╭─ Provided data

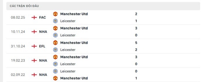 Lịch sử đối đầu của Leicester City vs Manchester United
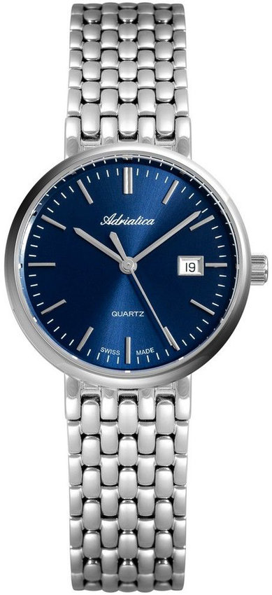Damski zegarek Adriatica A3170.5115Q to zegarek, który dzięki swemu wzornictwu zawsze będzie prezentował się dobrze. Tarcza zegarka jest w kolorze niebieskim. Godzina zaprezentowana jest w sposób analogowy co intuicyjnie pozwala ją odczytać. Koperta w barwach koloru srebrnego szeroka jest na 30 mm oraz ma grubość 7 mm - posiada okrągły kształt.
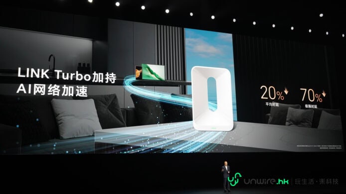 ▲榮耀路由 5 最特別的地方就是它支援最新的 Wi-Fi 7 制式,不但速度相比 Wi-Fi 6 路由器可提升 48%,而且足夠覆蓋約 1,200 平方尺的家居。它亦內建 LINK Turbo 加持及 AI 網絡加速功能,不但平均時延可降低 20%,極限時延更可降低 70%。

╰─
╭─ Provided data

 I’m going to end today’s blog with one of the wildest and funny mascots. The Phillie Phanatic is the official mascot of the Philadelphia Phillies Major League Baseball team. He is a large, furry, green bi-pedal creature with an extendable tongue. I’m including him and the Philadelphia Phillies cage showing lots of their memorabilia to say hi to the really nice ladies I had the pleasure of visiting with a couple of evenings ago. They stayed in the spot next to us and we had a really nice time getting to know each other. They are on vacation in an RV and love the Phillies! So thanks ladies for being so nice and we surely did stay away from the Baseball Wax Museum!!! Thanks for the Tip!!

╰─

Your task.
Reproduce exactly the lines above that run from the one with "Damski zegarek Adriatica" to the one with "網絡加速功能,不但平均時延可降低 20%,極限時延更可降低 70%。", both included, leaving pictures out.

Exercise answer.
Damski zegarek Adriatica A3170.5115Q to zegarek, który dzięki swemu wzornictwu zawsze będzie prezentował się dobrze. Tarcza zegarka jest w kolorze niebieskim. Godzina zaprezentowana jest w sposób analogowy co intuicyjnie pozwala ją odczytać. Koperta w barwach koloru srebrnego szeroka jest na 30 mm oraz ma grubość 7 mm - posiada okrągły kształt.
 ▲榮耀路由 5 最特別的地方就是它支援最新的 Wi-Fi 7 制式,不但速度相比 Wi-Fi 6 路由器可提升 48%,而且足夠覆蓋約 1,200 平方尺的家居。它亦內建 LINK Turbo 加持及 AI 網絡加速功能,不但平均時延可降低 20%,極限時延更可降低 70%。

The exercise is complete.